Given that the mean purchase price in this sample was 980, which is not very far from 1000, we probably expect this p-value to be relatively large. The only reason it COULD be small (eg., <.05) is if purchase prices had very little variation (eg., they were all within a few Rupees of 980). We can see from the data print out that this is not the case. Therefore, a p-value around 0.49 makes sense!

1. In this case, how does this result affect our hypothesis:

• Null: The average cost of a BuyPie order is 1000 Rupees
• Alternative: The average cost of a BuyPie order is not 1000 Rupees.

2. What will happen if we change the order of the hypothesis?

• Null: The average cost of a BuyPie order is not 1000 Rupees.
• Alternative: The average cost of a BuyPie order is 1000 Rupees

Thank you in advance

The null hypothesis is always one that states that there is no change to the assumption. If the population is 1000, we assume the null will be “The average cost of a BuyPie order is 1000 Rupees” aka there was no change.

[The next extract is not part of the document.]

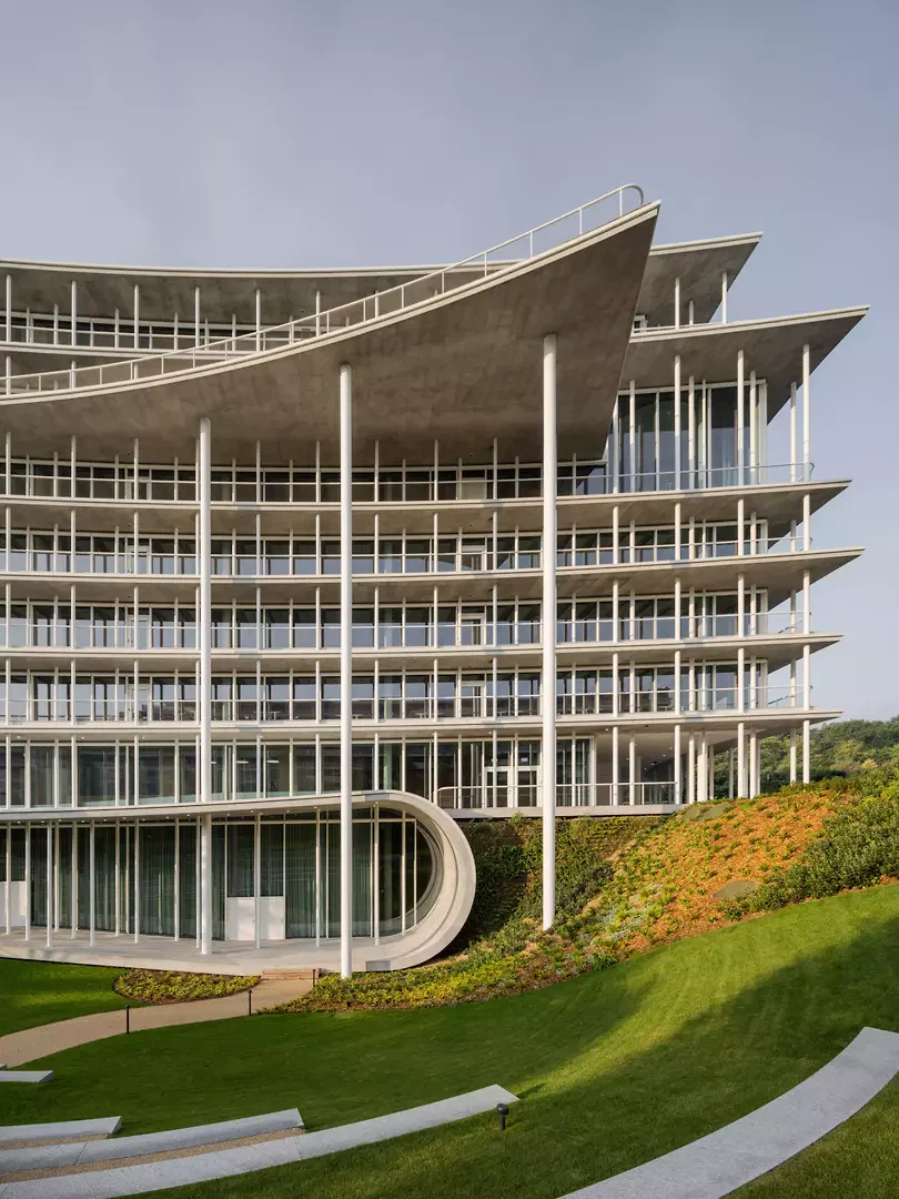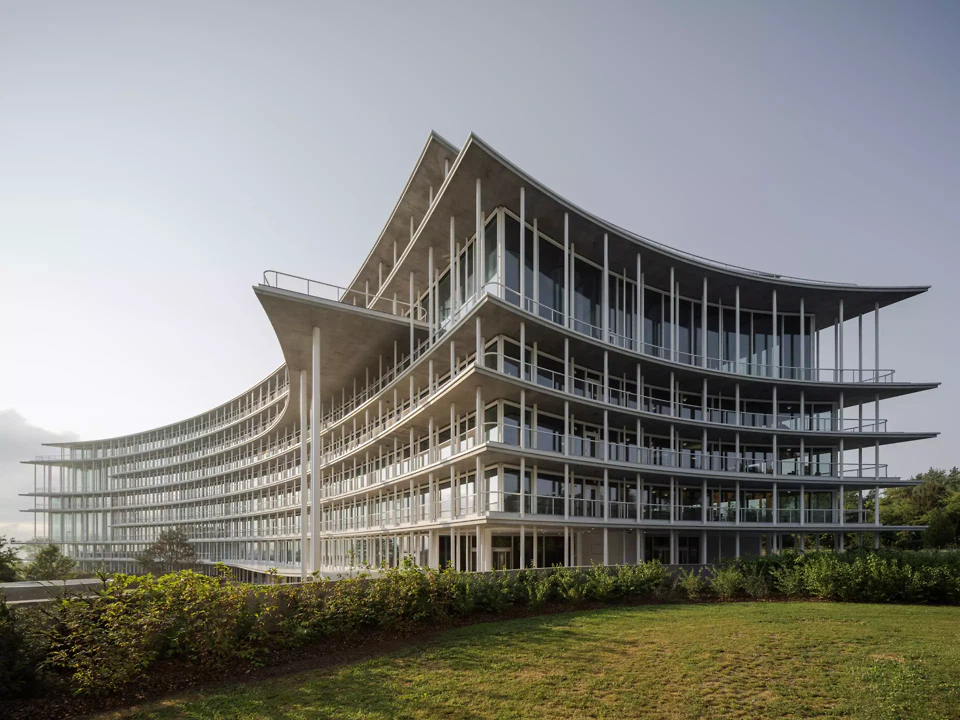 Le bâtiment se distingue par ses coursives courbées qui servent de protection solaire passive pour les façades vitrées tout en offrant des espaces extérieurs couverts et accessibles pour les clientes et les collaborateursrices. Ces coursives sont partiellement décalées les unes par rapport aux autres et diffèrent en fonction de l’orientation et des fonctions adjacentes – le bâtiment respire. Des piliers blancs élancés soutiennent ces coursives et se fondent avec d’autres éléments verticaux tels que les descentes d’eaux pluviales et les rails des protections solaires textiles. Les coursives profondes réduisent les reflets sur le vitrage et, combinées avec le profil fin du nez de dalle, renforcent l’apparence légère des façades.
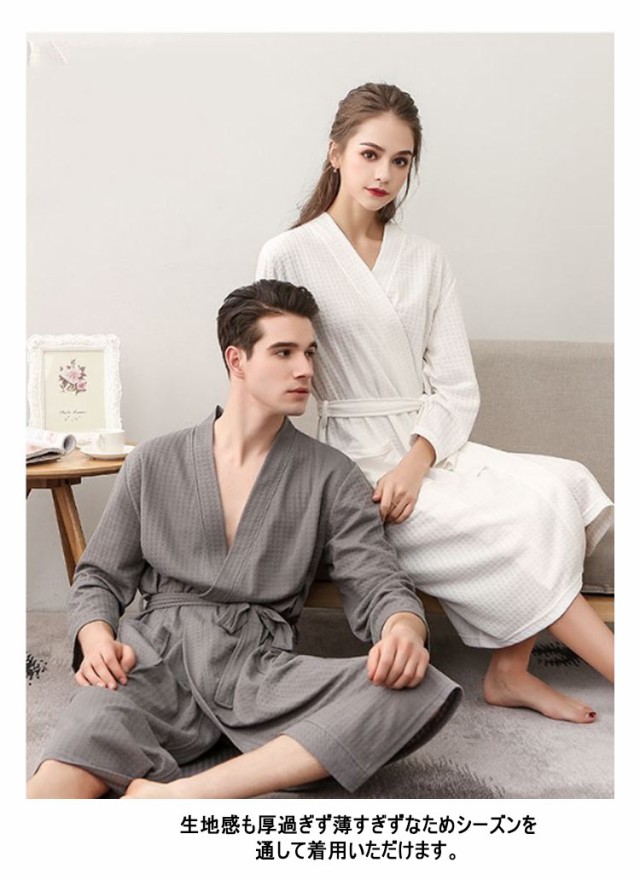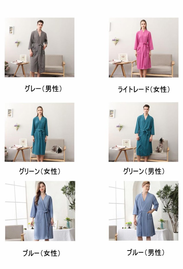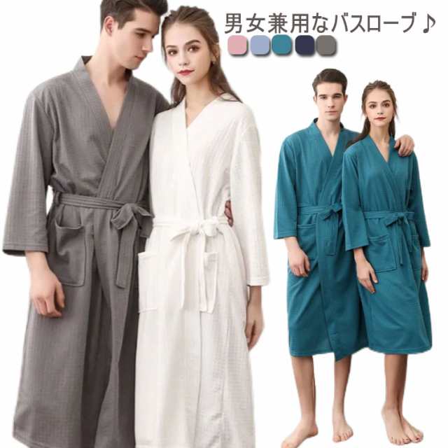 バスローブ レディース メンズ 風呂上がり 夏 薄手 通気 吸水速乾 膝丈 七分袖 バスローブ ワッフル ルームウエア ナイトガウン 寝巻き パジャマ 寝間着 男女兼用 部屋着 ナイトウエア 無地 ゆったり 大きいサイズ ペア 旅館 温泉 ホテル 春 秋 送料無料

What I dont understand is the logic on the t_test where " The average cost of a BuyPie order is not 1000 Rupees." means finding the probability that the mean is less than 980 or more than 1020. I get where those numbers come from but not the logic

Hi,

i have a question about the t-test function : as seen in the lesson, the ttest is runned knowing the mean of the distribution and using the CLT to compute the value for a normal distribution (i understood). In this exercice this is clearly the case BUT as we don’t use a real population in this exercice, how can the t-test be relevant without taking into account the standard deviation of the normal distribution drawn from the simulation ?

have a nice day,
Etienne